# 📊 Customer Churn Prediction Report: Transformer vs Random Forest (Evaluation and Recommendation)

## 📁 Dataset Summary

- **Binary Target Variable**: Churn (Yes/No)
- **Class Imbalance**: Slight imbalance → handled using **SMOTE**
- **Gender Distribution**: Equal distribution (Male ≈ Female)
- **Outliers**: No outliers detected in continuous variables (via boxplots)
- **Correlation**: 
  - `MonthlyCharges` and `TotalCharges` → positively correlated.
  - Customers with higher `MonthlyCharges` tend to **churn more**.
- **Tenure Insights**:
  - Churn is **very high during the first year**.
  - Very **low churn** beyond 4 years → indicates customer **loyalty increases with tenure**.

---

## 🧠 Model 1: Transformer-Based Model (TabTransformer)

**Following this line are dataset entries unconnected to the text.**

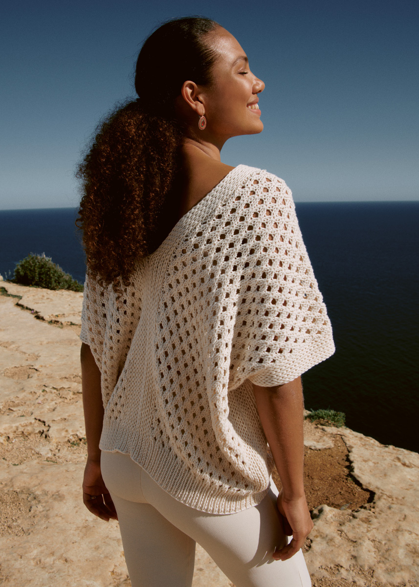 Easy Chic: Das Lochmuster-Top mit Hebemaschenblenden besteht aus zwei simplen Schals, die jeweils in der vorderen und hinteren Mitte verbunden werden. Der V-Neck ergibt sich, ganz ohne Abnahmen, einfach beim Zusammennähen.
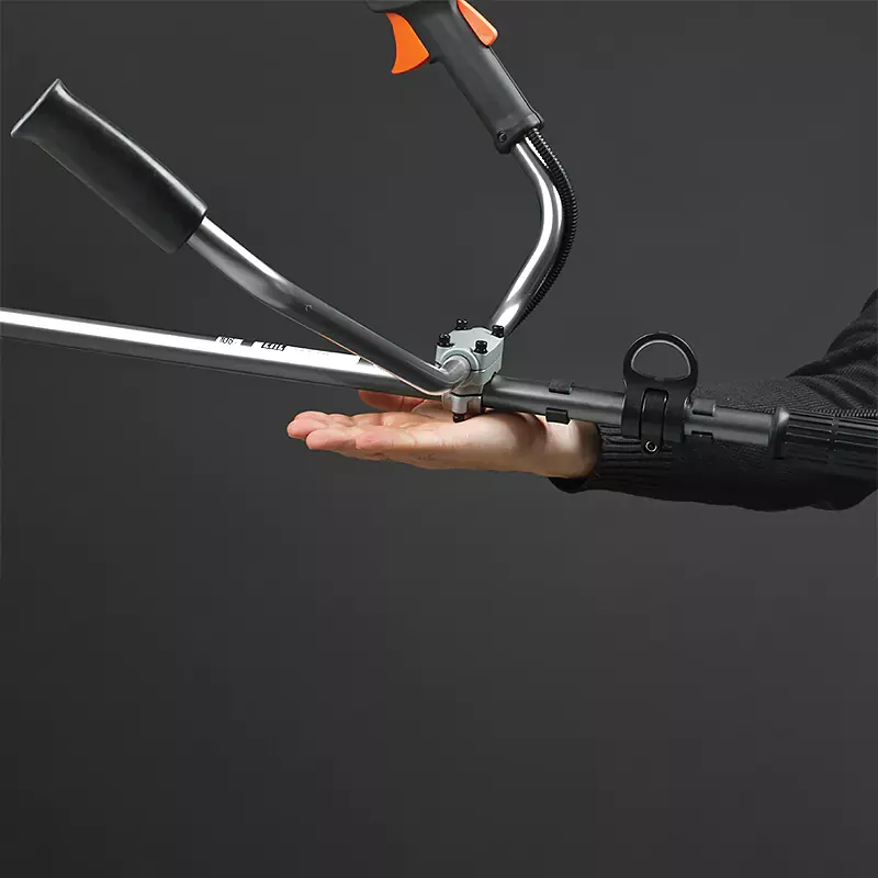 - Профессиональная ранцевая подвеска Ergomatic. Бензокоса удобна в эксплуатации, благодаря тому, что оператору не нужно удерживать весь ее вес в своих руках – инструмент подвешивается на удобный ремень, перемещающий основную тяжесть на плечи.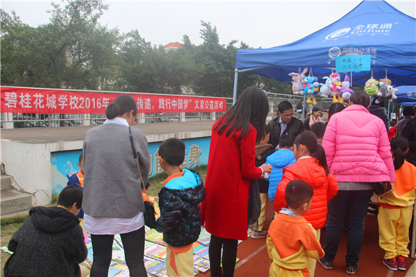 2016年11月25日,下午16:10,随着下课铃声响起,孩子们从各自的教室陆续涌向操场,碧桂花城学校爱心义卖活动开始了。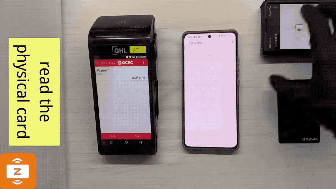 一台手機貼住實體的銀行卡,另一台手機就能直接把這張銀行卡 “隔空” 複製出來,全程並不需要輸入密碼,還能代替實體銀行卡刷卡成功。
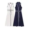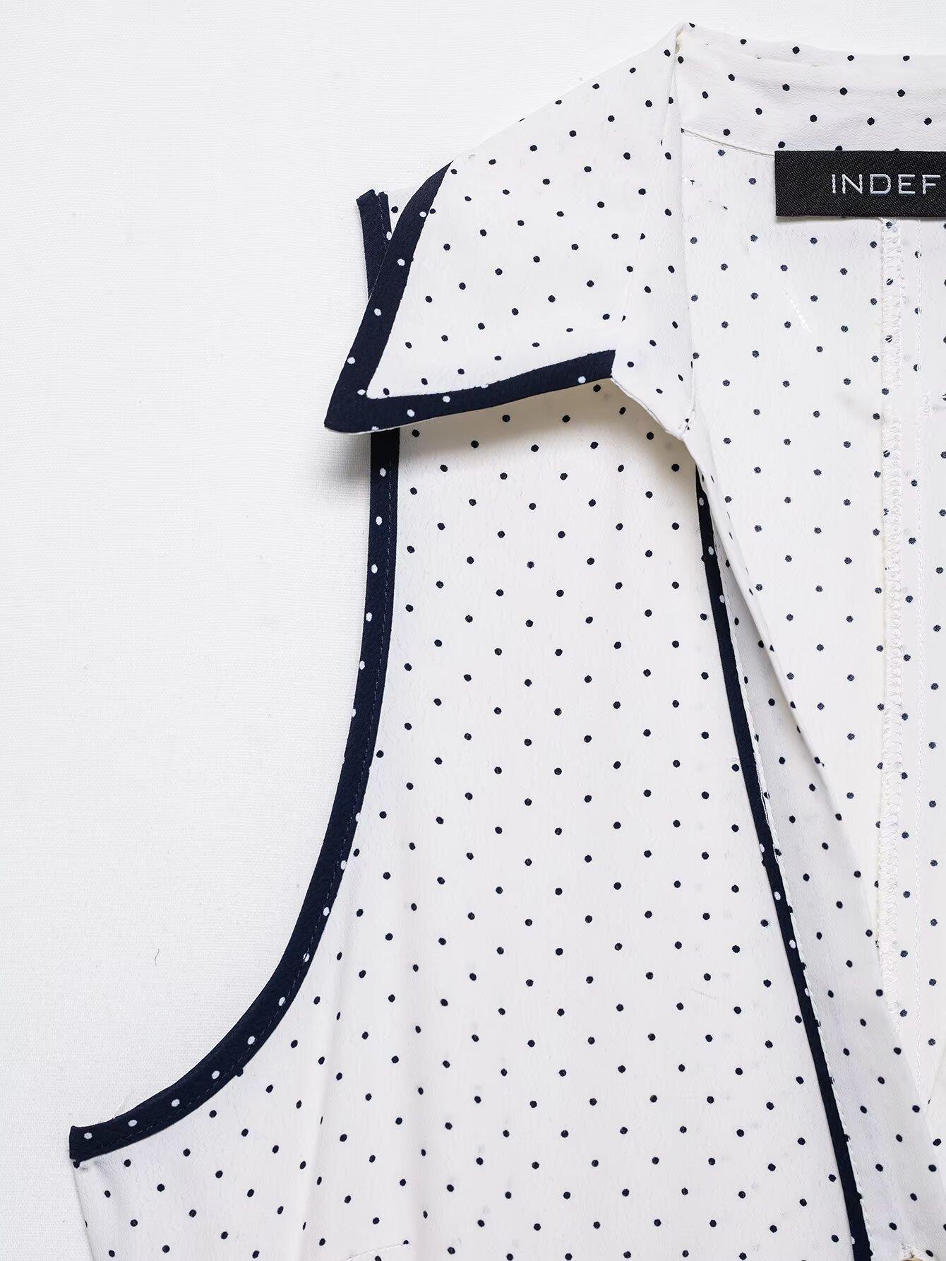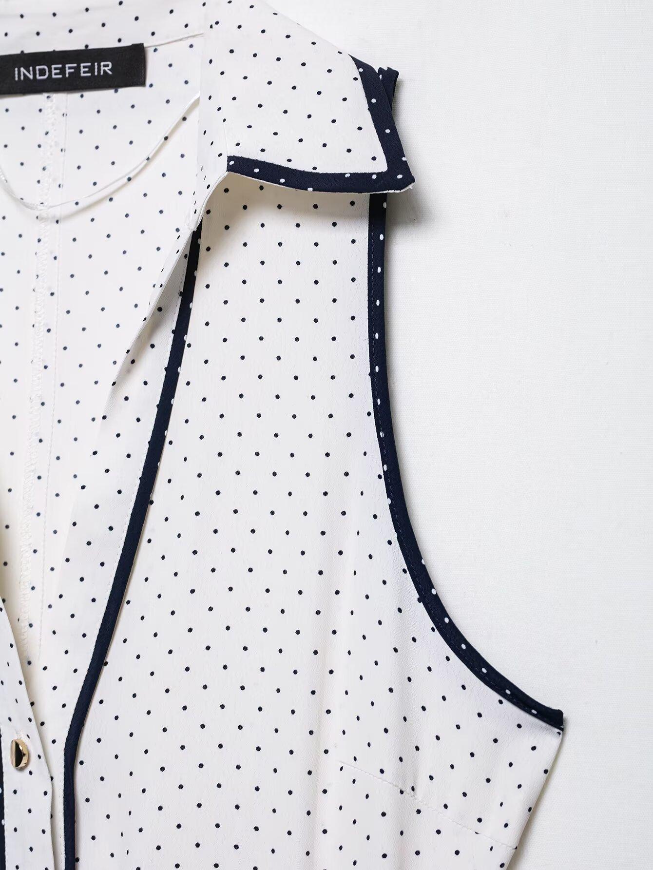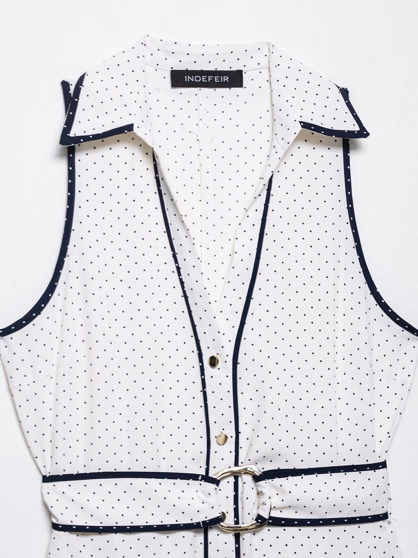 2025 Nuevo Verano para Mujer Solapa Sin Mangas Lunares Estilo Camisa Slim Vestido Midi Estilo Transfronterizo Europeo y Americano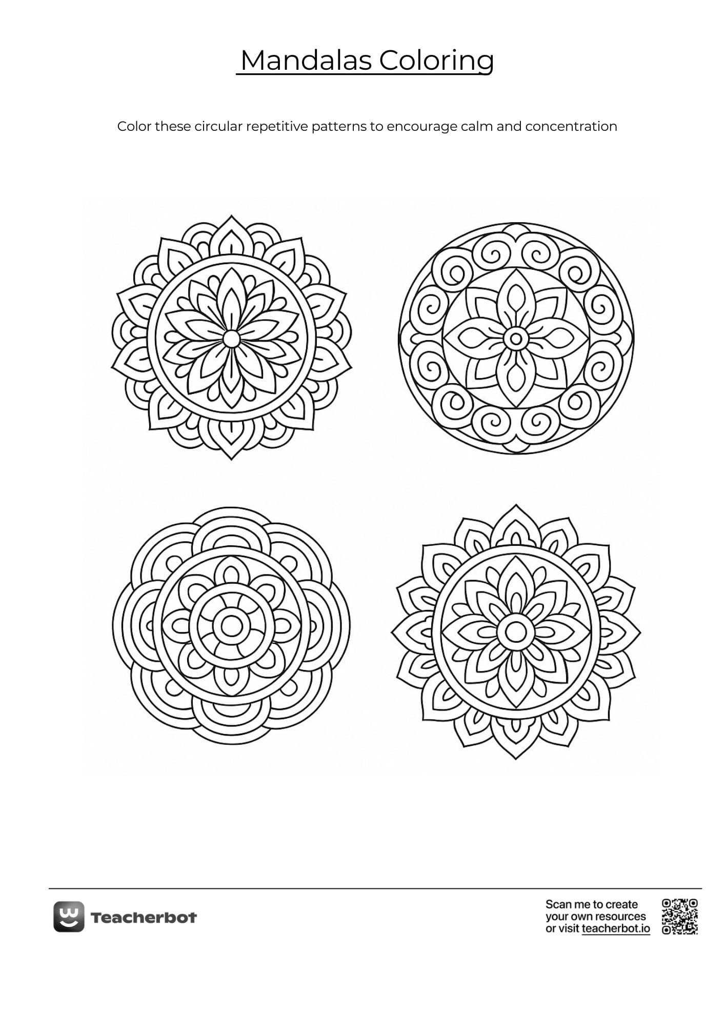 Older students: Offer intricate patterns or incorporate reflection prompts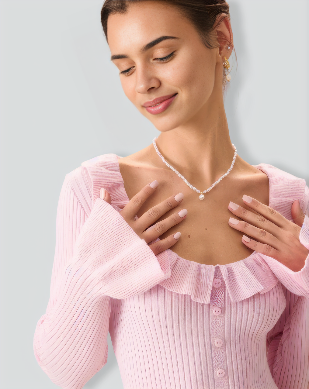 Women's pink u-neck ruffle look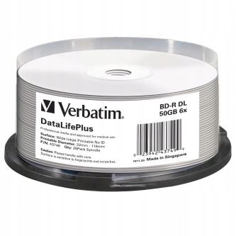 Płyty Verbatim BD-R DL o pojemności 50GB to wysokiej jakości nośniki optyczne przeznaczone do zapisu danych, filmów w wysokiej rozdzielczości oraz archiwizacji dużych plików. Dwuwarstwowa konstrukcja pozwala na zapis aż do 50GB danych na jednej płycie, co odpowiada około 10 godzinom materiału w jakości HD. Dzięki prędkości zapisu do 6x możliwe jest szybkie i efektywne nagrywanie nawet bardzo dużych plików.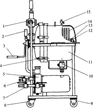 1-观察装置 2-压力表 3-摇把 4-卡子 5-自吸泵 6-入口阀门 7-出口阀门 8-活动脚轮 9-固定脚轮 10-排滞留物阀门 11-外壳 12-贝帽 13-密封圈 14-滤盘 15-排气阀

### ⚙️ Architecture Overview
- Utilizes **self-attention layers** to capture dependencies among categorical features.
- Categorical features are **embedded** into dense vectors.
- These embeddings are **processed by Transformer blocks** (multi-head attention + feed-forward layers).
- Outputs are concatenated with normalized numerical features and passed through an MLP head.
- Trained using `Binary Cross-Entropy Loss` with the `Adam` optimizer.

### 📈 Performance
| Metric         | Class 0 (No) | Class 1 (Yes) |
|----------------|-------------|---------------|
| Precision      | 0.83        | 0.66          |
| Recall         | 0.91        | 0.50          |
| F1-Score       | 0.87        | 0.57          |

- **Accuracy**: 0.80  
- **Macro F1**: 0.72  
- **Weighted F1**: 0.79  
- **ROC AUC Score**: 0.8156 ✅

> 🔎 **Observations**:  
> - **Strong overall accuracy and precision**, especially for class 0 (non-churners).
> - Shows **significant improvement** in recall for churners ( **0.50**).
> - ROC AUC of **0.82** indicates good separation capability.
> - Still underperforms in detecting churners compared to Random Forest.

---

## 🌲 Model 2: Random Forest Classifier

### ⚙️ Config
```python
RandomForestClassifier(
    max_depth=10,
    max_features='log2',
    min_samples_leaf=2,
    n_estimators=200,
    random_state=0
)
```

### 📈 Performance
| Metric         | Class 0 (No) | Class 1 (Yes) |
|----------------|-------------|---------------|
| Precision      | 0.89        | 0.54          |
| Recall         | 0.77        | 0.72          |
| F1-Score       | 0.83        | 0.62          |

- **Accuracy**: 0.76  
- **Macro F1**: 0.72  
- **Weighted F1**: 0.77  

> 🔎 **Observations**:  
> - Slightly **lower overall accuracy** than Transformer (0.76 vs 0.80)
> - **Highest recall for churners (0.72)** among all models — critical for identifying at-risk customers.
> - More balanced F1 scores for both classes.
> - Offers interpretability through feature importance.

---

## 🔍 Feature Importance from Random Forest

| Rank | Feature                            | Importance |
|------|------------------------------------|------------|
| 1    | `tenure`                           | 0.1361     |
| 2    | `PaymentMethod_Electronic check`   | 0.1081     |
| 3    | `TotalCharges`                     | 0.1077     |
| 4    | `MonthlyCharges`                   | 0.0988     |
| 5    | `InternetService_Fiber optic`      | 0.0981     |
| 6    | `tenure_range`                     | 0.0866     |
| 7    | `Contract_Two year`                | 0.0802     |

> 📌 Key Insight:
> - **Tenure** is the top predictive feature — matches EDA findings.
> - Features like **payment method** and **monthly charges** significantly impact churn probability.

---

## ✅ Recommendation

While both models perform well, the **Random Forest** model remains the **preferred choice** for churn prediction:

### ✔ Why Random Forest?
- **Higher recall (0.72) for churners** — crucial for preventing revenue loss.
- Balanced performance with interpretability.
- Useful for **feature importance analysis** to inform business strategies.

### ⚠️ Considerations for Transformer:
- Better overall accuracy, but still **lags behind in identifying churners** effectively.

> 📝 **Final Verdict**:  
> For a churn prediction task, **recall for the positive class (churn)** is most important.  
> **Random Forest** provides a **better trade-off** between recall, interpretability, and real-world utility.